Bose - Atlanta, GA
posted 2 months ago
At Bose, we believe that sound is the most powerful force on earth, and our Information Technology team is dedicated to delivering valuable and reliable business and technology solutions. This role involves designing, implementing, and managing systems to ensure high availability and performance of production services. The successful candidate will develop and maintain monitoring, alerting, and logging systems to proactively identify and address issues, ensuring that our services meet the highest standards of reliability and performance. The position requires the creation and enforcement of Service Level Objectives (SLOs), Service Level Agreements (SLAs), and Key Performance Indicators (KPIs). You will lead the response to production incidents, which includes troubleshooting, resolution, and conducting post-incident analysis. Additionally, you will develop and maintain incident response procedures and runbooks, conduct root cause analysis, and implement corrective actions to prevent recurrence. Automation is a key focus of this role, as you will be responsible for automating repetitive tasks and processes to improve efficiency and reduce human error. You will also develop and maintain tools for deployment, configuration management, and system monitoring, collaborating closely with development teams to integrate automation into the software delivery pipeline.
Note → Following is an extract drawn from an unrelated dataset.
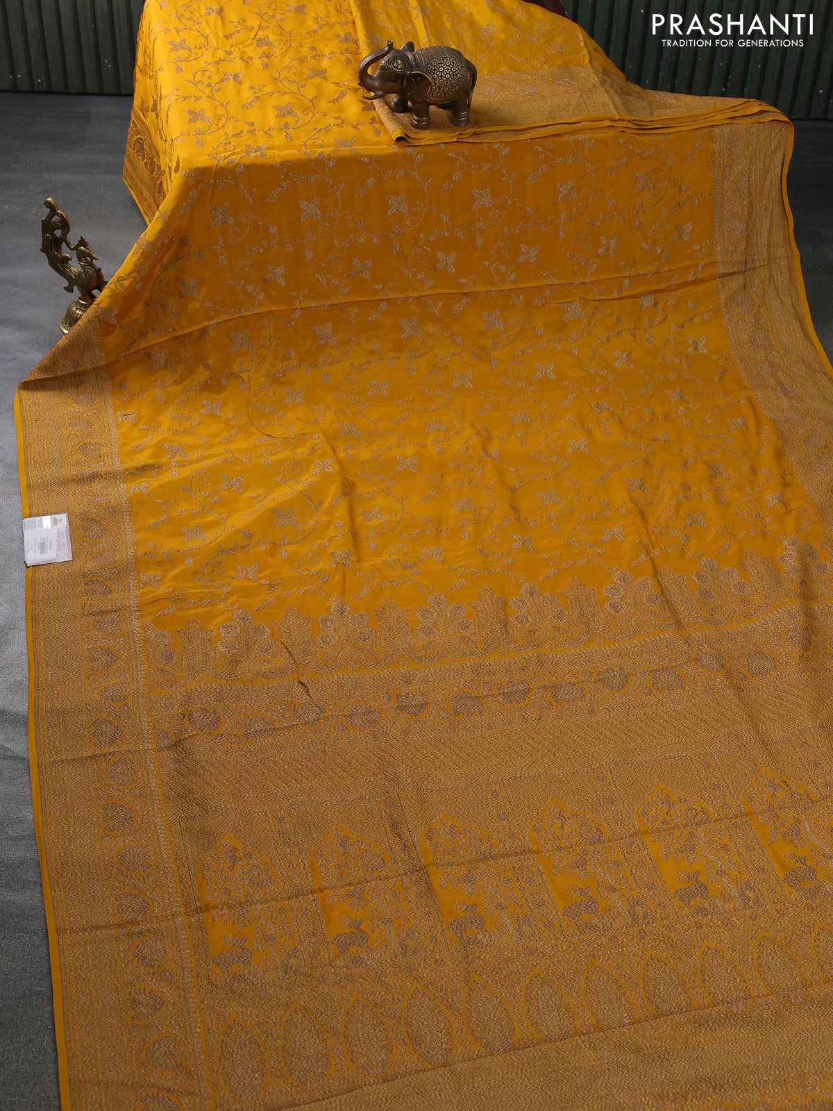 Banarasi crepe saree mustard yellow with allover thread & zari weaves and woven border

Capacity planning and designing scaling strategies to accommodate changes in demand will be essential, as will monitoring resource utilization to optimize infrastructure for cost efficiency. Collaboration is crucial in this role, as you will work with development teams to design scalable and reliable system architectures, participate in architectural reviews, and provide guidance on reliability and performance considerations. You will evaluate and recommend new technologies and approaches to enhance system reliability and performance, document system configurations, processes, and procedures, and create operational runbooks and knowledge base articles. Training and mentorship of team members and stakeholders on reliability best practices will also be part of your responsibilities. Effective communication about system status, incident responses, and reliability improvements is essential, and participation in on-call rotations will be required to respond to incidents as needed.